> **WORK TASK**
In the answer, transcribe exactly the lines from the beginning of the material through the line holding "1. This strip", and skip every picture.

> **DATA BLOCK**

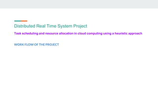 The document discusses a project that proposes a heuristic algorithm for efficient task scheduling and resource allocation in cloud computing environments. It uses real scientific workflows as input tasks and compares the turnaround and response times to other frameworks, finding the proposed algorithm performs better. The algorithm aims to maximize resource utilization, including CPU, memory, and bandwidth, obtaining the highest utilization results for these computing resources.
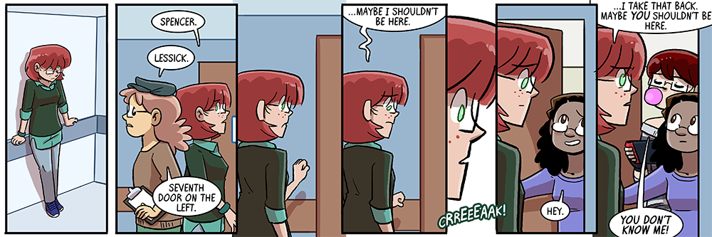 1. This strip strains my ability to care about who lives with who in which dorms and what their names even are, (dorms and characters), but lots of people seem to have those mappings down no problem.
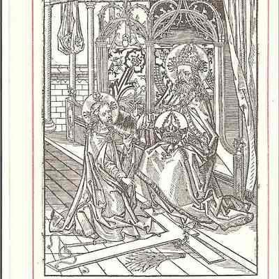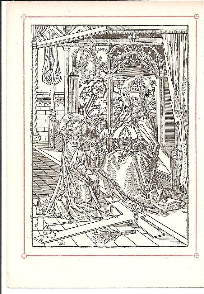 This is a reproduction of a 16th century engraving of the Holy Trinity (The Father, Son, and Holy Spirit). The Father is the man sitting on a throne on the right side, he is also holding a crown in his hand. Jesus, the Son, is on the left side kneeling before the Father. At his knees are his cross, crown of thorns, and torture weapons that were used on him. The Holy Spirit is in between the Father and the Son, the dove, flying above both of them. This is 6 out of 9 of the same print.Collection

> **SOLUTION**
 The document discusses a project that proposes a heuristic algorithm for efficient task scheduling and resource allocation in cloud computing environments. It uses real scientific workflows as input tasks and compares the turnaround and response times to other frameworks, finding the proposed algorithm performs better. The algorithm aims to maximize resource utilization, including CPU, memory, and bandwidth, obtaining the highest utilization results for these computing resources.
 1. This strip strains my ability to care about who lives with who in which dorms and what their names even are, (dorms and characters), but lots of people seem to have those mappings down no problem.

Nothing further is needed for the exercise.